Robert Frost is the perfect poet to read on a snowy Sunday. This collection is especially perfect as the snow falls, views of the mountains, and hearing the spring birds chirp.
This is a small collection mixed with photography so you can easily read it in an hour or a day or as the mood strikes.
Nice pictures! I guess I’m not really a poetry guy, I read it because my mom had the book, but I don’t like how you have to read it three times to figure out the meaning. The images that he’s trying to formulate in your mind often times to me end up being pointless.
I don't usually read poetry, I picked up this book to complete a reading challenge. I do enjoy Robert Frost's work and this book had some beautiful poems in it.
The photographs are a wonderful accompaniment to these poems which speak to the heart of anyone raised in the country, especially one who loves the outdoors or has done some farming.
He loves nature and is afraid of progress of humans which lead to decline in nature and its resources. His poems are nice but tbh I loved the photograph way more they are soo good!
The house had gone to bring again To the midnight sky a sunset glow.
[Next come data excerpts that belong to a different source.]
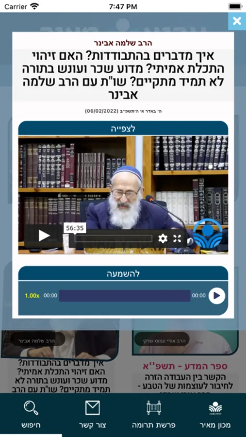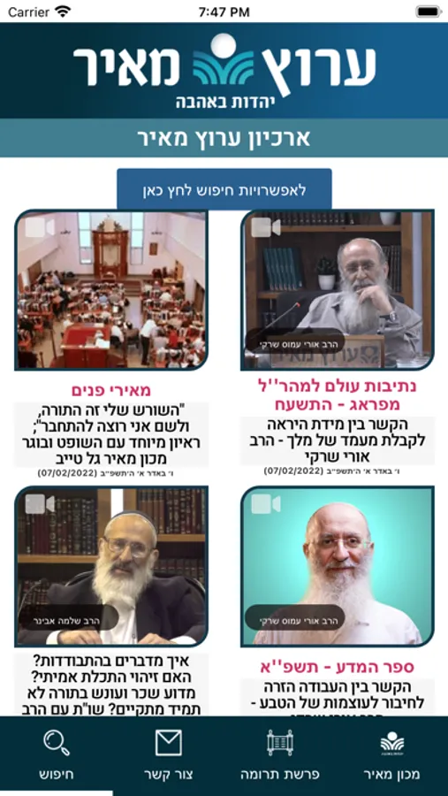 ניתן לצפות ולהאזין לשיעורי פרשת שבוע, חגים סדרות ביהדות ועשרות אלפי תכנים נוספים.
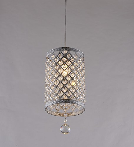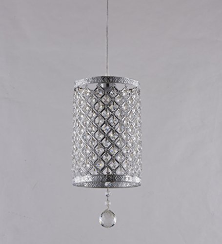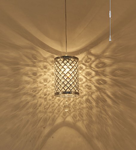 Surpars House Plug in Pendant Light Silver Crystal Chandelier with 17' Cord and On/off Switch in Line
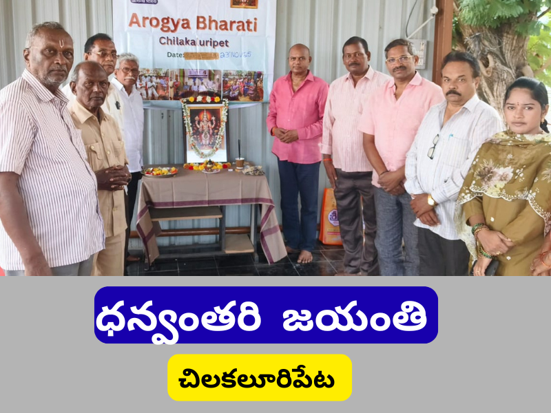 చిలకలూరిపేటలోని విజ్ఞాన్ విహార ఇంగ్లీష్ మీడియం పాఠశాల ప్రాంగణంలో ఆరోగ్య భారతి చిలకలూరిపేట శాఖ ఆధ్వర్యంలో ధన్వంతరి జయంతి వేడుకలు ఈరోజు శుభ్రంగా, భక్తి శ్రద్ధలతో ఆనందంగా
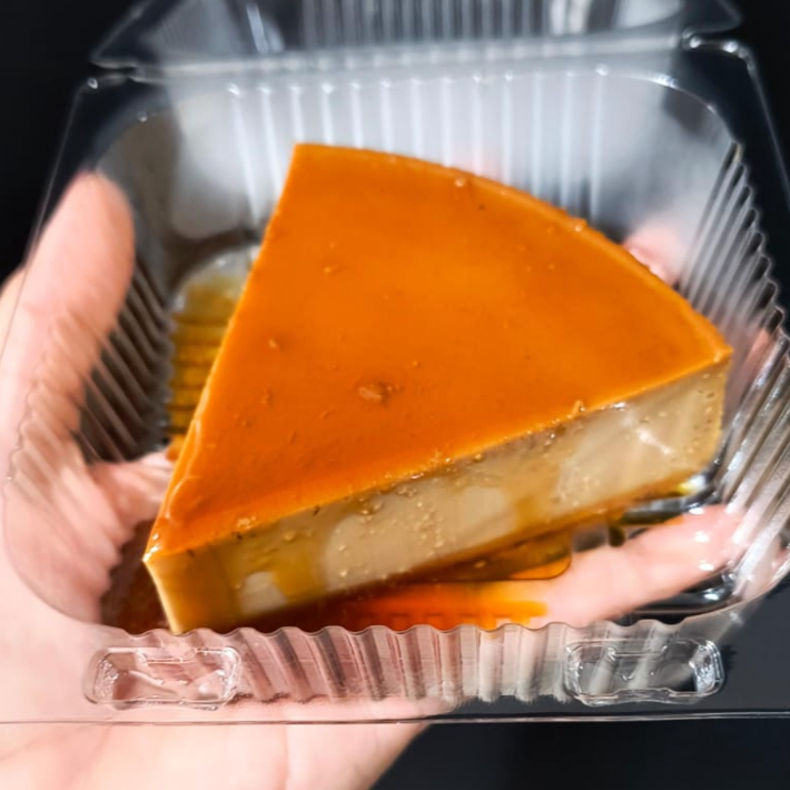 Rebanada de cremoso flan napolitano con caramelo delicioso
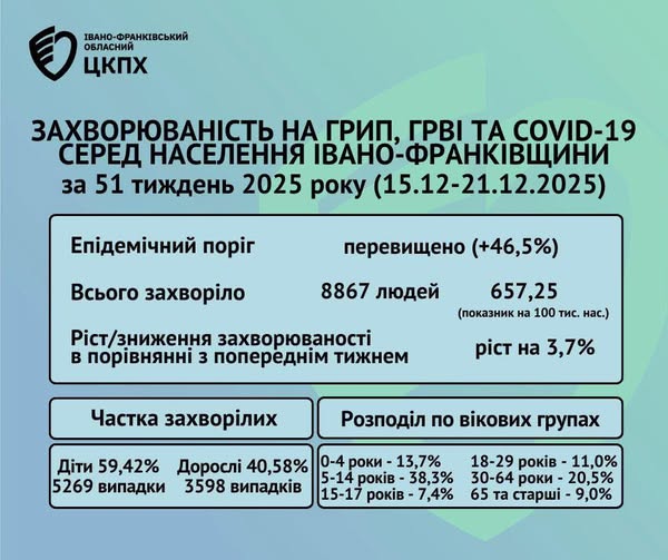 Згідно моніторингових досліджень, впродовж 51 тижня 2025 року (епідсезон 2025–2026 рр.) на ГРВІ, грип та COVID-19 захворіло 8867 особи, з них 5269 дітей віком 0-17 років (59,42%). Пише Голос-Інфо, посилаючись […]
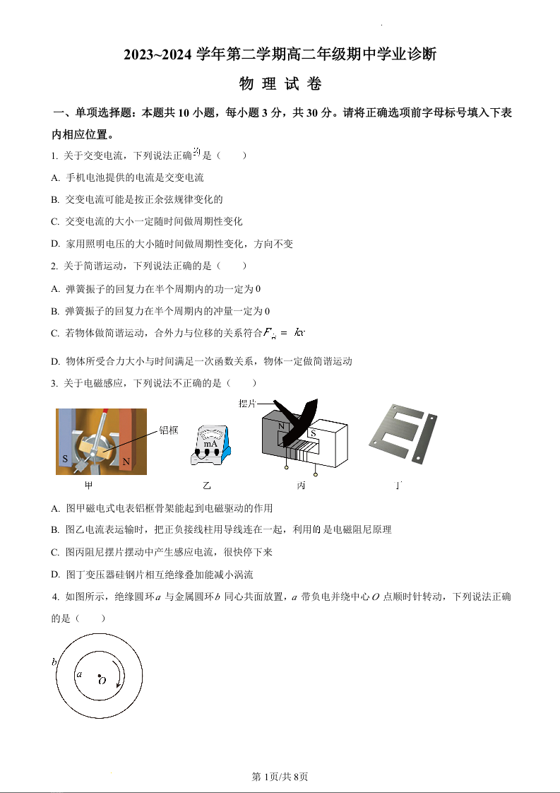 山西省太原市2023-2024学年高二下学期4月期中考试物理(原卷版)
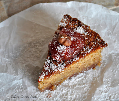 Rivestiamo una tortiera con della carta forno, versiamo il composto, ed ora aggiungiamo la marmellata distribuita su tutta la superficie.
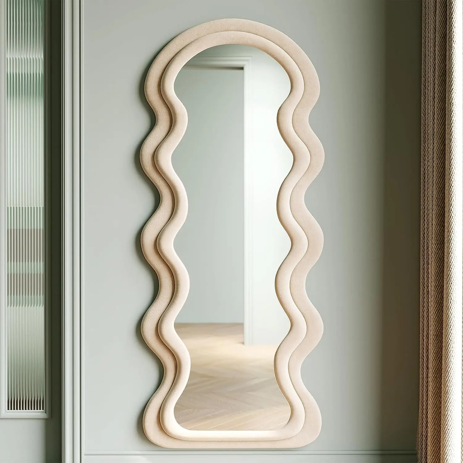 Chic Wavy Design: Our full-length mirror features rounded and wavy body design made of high-quality wood and wrapped in velvet. It adds elegance and sleek to any room

Now the chimney was all of the house that stood, Like a pistil after the petals go.
The barn opposed across the way, That would have joined the house in flame Had it been the will of the wind, was left To bear forsaken the place's name.
No more it opened with all one end For teams that came by the stony road To drum on the floor with scurrying hoofs And brush the mow with the summer load.
The birds that came to it through the air At broken windows flew out and in, Their murmur more like the sigh we sigh From too much dwelling on what has been.
Yet for them the lilac renewed its leaf, And the aged elm, though touched with fire; And the dry pump flung up an awkward arm; And the fence post carried a strand of wire.
For them there was really nothing sad. But though they rejoiced in the nest they kept, One had to be versed in country things Not to believe the phoebes wept.
I became interested in poetry since I read Alfred Joyce Kilmer's poem: The House With Nobody In It. Versed In Country Things combine a collection of Robert Frost poems about the joy, simplicity, loneliness, dangers, and hardships of the farming/rural community accompanied with the stark, black & white photography of B. A. King.
This is more of a coffee table/conversation book to be periodically picked up and read piecemeal for quiet reflection than completely digested in one setting. An excellent book in all with the photographs serving as visual backdrops to Robert Frost's poetic prose.
I loved the idea of this book but had some problems with it.
It is a selection of poems by Frost complemented by photographs taken by B.A. King. The photographs are all in black and white which was great for some, but I believe others would have been much better in colour.
The poems were all about the country as the title states, but I found those with rhyme somewhat overdone and theatrical.
I really liked a couple of the poems but that was all.
After days of playing Candy Crush and seeing colored pieces in my sleep, I could relate to the poem about apple picking, and the feeling, "I'm done with apple picking now. Black and white photos of country scenes and 20 poems by Robert Frost. I liked The Need of Being Versed in Country Things, Good-by and Keep Cold, and Birches.
I liked some of Frost's poems, but not all of them and I didn't really care for the pictures in the book either. They seemed somewhat distracting to me.